Here the path of integration C consists of the straight lines say OA,AB,BC and CD where the coordinates of A,B,C are (a,0),(a,b) and (0,b) respectively.Let S be the plane region bounded by closed curve C,then by Stokes' theorm,we must have

$\oint _{C}F\cdot dr=\iint _{S}{\mathrm {curl}}F\cdot ndS\,$ --(1)

Since the integration is performed in the xy-plane,we have $r=xi+yj\,$ so that $dr=dxi+dyj\,$

LHS of (1)=$\oint _{C}(x^{2}i+2xyj)\cdot (dxi+dyj)\,$

=$\oint _{C}(x^{2}dx+xydy)\,$

=$\int _{{OA}}(x^{2}dx+xydy)+\int _{{AB}}(x^{2}dx+xydy)+\int _{{BC}}(x^{2}dx+xydy)+\int _{{CO}}(x^{2}dx+xydy)\,$ --(2)

Along OA,y=0,dy=0 and x varies from 0 to a. Along AB,x=a,dx=0 and y varies from 0 to b. Along BC,y=b,dy=0 and x varies from a to 0. Along CO,x=0,dx=0 and y varies from b to 0.

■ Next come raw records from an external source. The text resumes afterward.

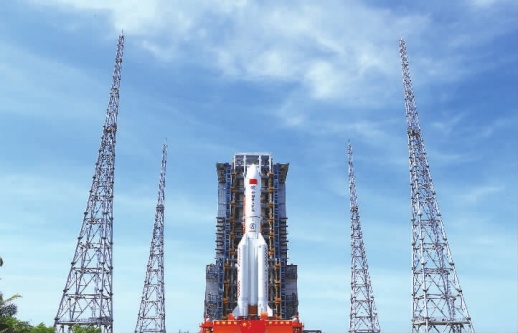 7月18日,问天实验舱与长征五号B遥三运载火箭组合体转运至发射塔架。当日,问天实验舱与长征五号B遥三运载火箭组合体转运至发射区,将于近日择机实施发射。 新华社 图
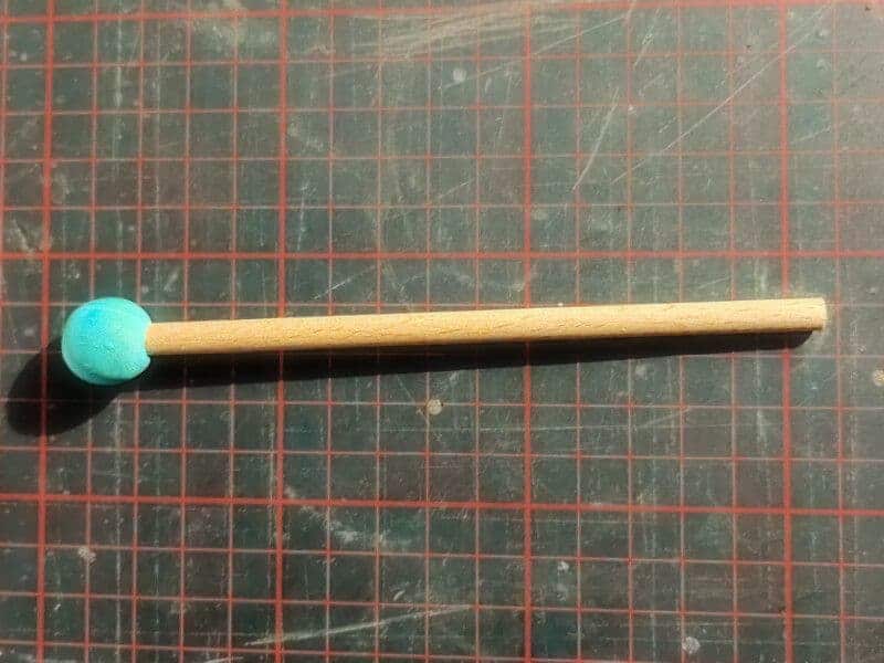 - Schaschlik-Spieß in das Loch stecken und Kleber aushärten lassen.
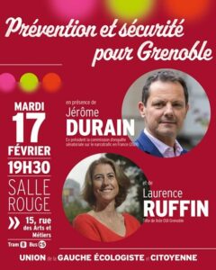 Mardi 17 février à 19 h 30, débat sur « Prévention et sécurité pour Grenoble », à la Salle Rouge 15 Rue des Arts et Métiers avec Laurence Ruffin, candidate aux élections municipales à Grenoble pour l’Union de la gauche écologiste et citoyenne et Jérôme Durain, ex-président de la commission d’enquête sénatoriale sur le narcotrafic en France en 2024.
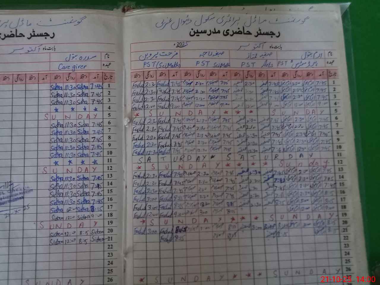 | Name: Ir**** Ba**** Designation: (School Headmaster's/Headmistress's) PST Phone/Cell Number: 03**** |

Therefore,from (2),LHS=$\int _{0}^{a}x^{2}dx+\int _{0}^{b}aydy+\int _{a}^{0}x^{2}dx+\int _{b}^{0}(0)dy\,$

=$[{\frac {x^{3}}{3}}]_{0}^{a}+a[{\frac {y^{2}}{2}}]_{0}^{b}+[{\frac {x^{3}}{3}}]_{a}^{0}+0\,$

=${\frac {a^{3}}{3}}+{\frac {ab^{2}}{2}}-{\frac {a^{3}}{3}}={\frac {ab^{2}}{2}}\,$ --(3)

Now,${\mathrm {curl}}F={\begin{vmatrix}i&j&k\\{\frac {\partial }{\partial x}}&{\frac {\partial }{\partial y}}&{\frac {\partial }{\partial z}}\\x^{2}&xy&0\end{vmatrix}}\,$

=$0i-0j+[{\frac {\partial }{\partial x}}(xy)-{\frac {\partial }{\partial y}}(x^{2})]k\,$

Also,n=unit vector normal to surface S=k.

Therefore ${\mathrm {curl}}F\cdot n=yk\cdot k=y\,$

Now,RHS=$\iint _{S}ydxdy=\int _{{x=0}}^{{a}}\int _{{y=0}}^{{b}}ydxdy\,$

=$\int _{0}^{a}[{\frac {y^{2}}{2}}]_{0}^{b}dx={\frac {b^{2}}{2}}\int _{0}^{a}dx={\frac {b^{2}}{2}}[x]_{0}^{a}={\frac {ab^{2}}{2}}\,$ --(4)

From (3) and (4),Stokes'theorm is verified.